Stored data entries
━━━━━━━━━━━━━━━━
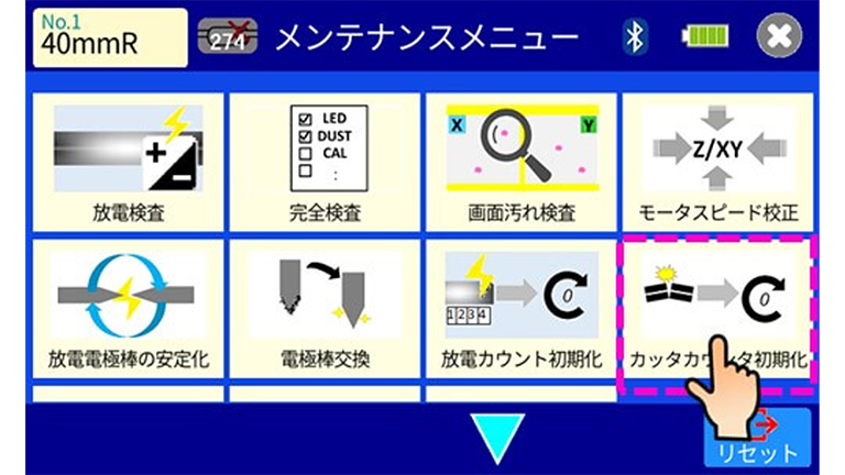 14. 光ファイバ融着接続機のメンテナンスメニュー内にあるカッタカウンタ初期化を実行して切断刃交換終了です。
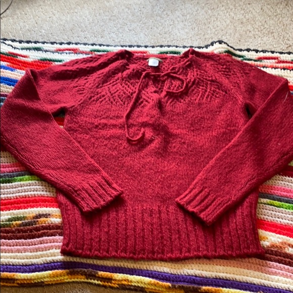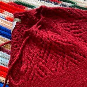 Crimson red sweater, detail around shoulders and neck. Never worn
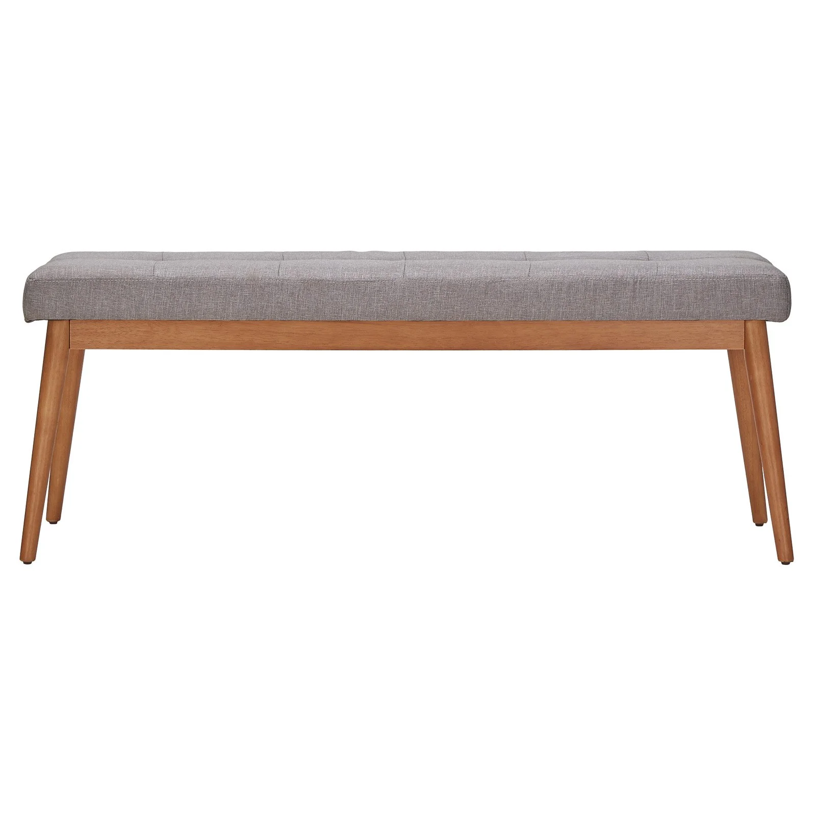Reflecting the elegant simplicity of the mid-century modern age, the Chelsea Lane Tufted Bench will add a touch of retro appeal to your dining area. The bench rests on sturdy, angled wood legs and shows off a clean, sleek light oak finish. High-density foam fill pads the seat for comfort. Textured like linen, the microfiber upholstery elevates the design but allows for easy care. Button tufting puts a sophisticated finishing touch on the design.
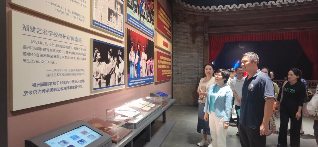 在振兴闽剧展板前,大家深切感受到习近平总书记主政福州期间,对振兴闽剧、繁荣文化的高度重视。1993年,在习近平总书记的关心支持下,福建艺术学校福州市闽剧班开始正式招生,在全省福州语系地区招收40名闽剧舞台表演艺术专业(中专)新生(其中男生25名,女生15名),而艺术学院副院长林理杰就是其中的一名男生。在场的闽剧教师们纷纷表示在新形势下要不忘初心、牢记嘱托,进一步推动闽剧艺术的创造性转化、创新性发展,打响闽都文化国际品牌,以“时不我待,只争朝夕”的实干快干精神助力非遗闽剧艺术薪火相传。
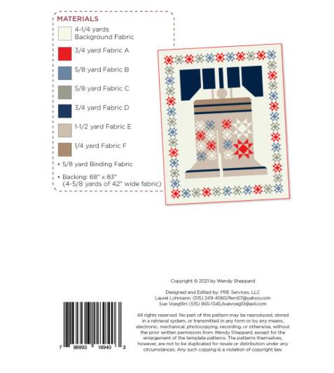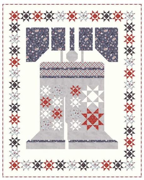 What a perfect way to celebrate 250 years of our country with this Liberty Bell quilt called Hear Ye, Hear Ye by Wendy Sheppard. This shows a large Liberty Bell complete with crack in it surrounded by quilted stars. Get this ready for your celebrations this July 4th.
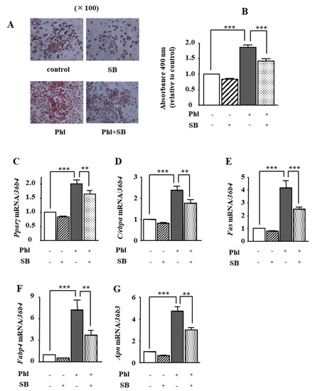 The effects of the p38 MAPK inhibitor SB203580 on phloretin-induced adipogenesis in ST2 cells. (A,B) After reaching confluency, ST2 cells were incubated in adipogenic medium with phloretin (50 µM) and/or SB203580, a p38 MAPK inhibitor (0, 5, and 10 µM) for 5 days. Thereafter, oil red O staining and its quantification were performed. The results are representative of at least seven different experiments. The quantification results are expressed as mean ± SE (n = 6); *** p < 0.001. (C–G) After reaching confluency, the cells were incubated in adipogenic medium with SB203580 (0, 5, and 10 µM) for 4 days. The mRNA expression of adipogenic differentiation markers (Pparγ, C/ebpα, Fas, Fabp4, and Apn) was examined by real-time PCR. The results are expressed as mean ± SE (n = 5); ** p < 0.01, *** p < 0.0011. Phl: phloretin, SB: SB203580.
━━━━━━━━━━━━━━━━
All that is needed is the data above, repeated exactly, without the pictures.

■ **The answer**
 14. 光ファイバ融着接続機のメンテナンスメニュー内にあるカッタカウンタ初期化を実行して切断刃交換終了です。
 Crimson red sweater, detail around shoulders and neck. Never worn
Reflecting the elegant simplicity of the mid-century modern age, the Chelsea Lane Tufted Bench will add a touch of retro appeal to your dining area. The bench rests on sturdy, angled wood legs and shows off a clean, sleek light oak finish. High-density foam fill pads the seat for comfort. Textured like linen, the microfiber upholstery elevates the design but allows for easy care. Button tufting puts a sophisticated finishing touch on the design.
 在振兴闽剧展板前,大家深切感受到习近平总书记主政福州期间,对振兴闽剧、繁荣文化的高度重视。1993年,在习近平总书记的关心支持下,福建艺术学校福州市闽剧班开始正式招生,在全省福州语系地区招收40名闽剧舞台表演艺术专业(中专)新生(其中男生25名,女生15名),而艺术学院副院长林理杰就是其中的一名男生。在场的闽剧教师们纷纷表示在新形势下要不忘初心、牢记嘱托,进一步推动闽剧艺术的创造性转化、创新性发展,打响闽都文化国际品牌,以“时不我待,只争朝夕”的实干快干精神助力非遗闽剧艺术薪火相传。
 What a perfect way to celebrate 250 years of our country with this Liberty Bell quilt called Hear Ye, Hear Ye by Wendy Sheppard. This shows a large Liberty Bell complete with crack in it surrounded by quilted stars. Get this ready for your celebrations this July 4th.
 The effects of the p38 MAPK inhibitor SB203580 on phloretin-induced adipogenesis in ST2 cells. (A,B) After reaching confluency, ST2 cells were incubated in adipogenic medium with phloretin (50 µM) and/or SB203580, a p38 MAPK inhibitor (0, 5, and 10 µM) for 5 days. Thereafter, oil red O staining and its quantification were performed. The results are representative of at least seven different experiments. The quantification results are expressed as mean ± SE (n = 6); *** p < 0.001. (C–G) After reaching confluency, the cells were incubated in adipogenic medium with SB203580 (0, 5, and 10 µM) for 4 days. The mRNA expression of adipogenic differentiation markers (Pparγ, C/ebpα, Fas, Fabp4, and Apn) was examined by real-time PCR. The results are expressed as mean ± SE (n = 5); ** p < 0.01, *** p < 0.0011. Phl: phloretin, SB: SB203580.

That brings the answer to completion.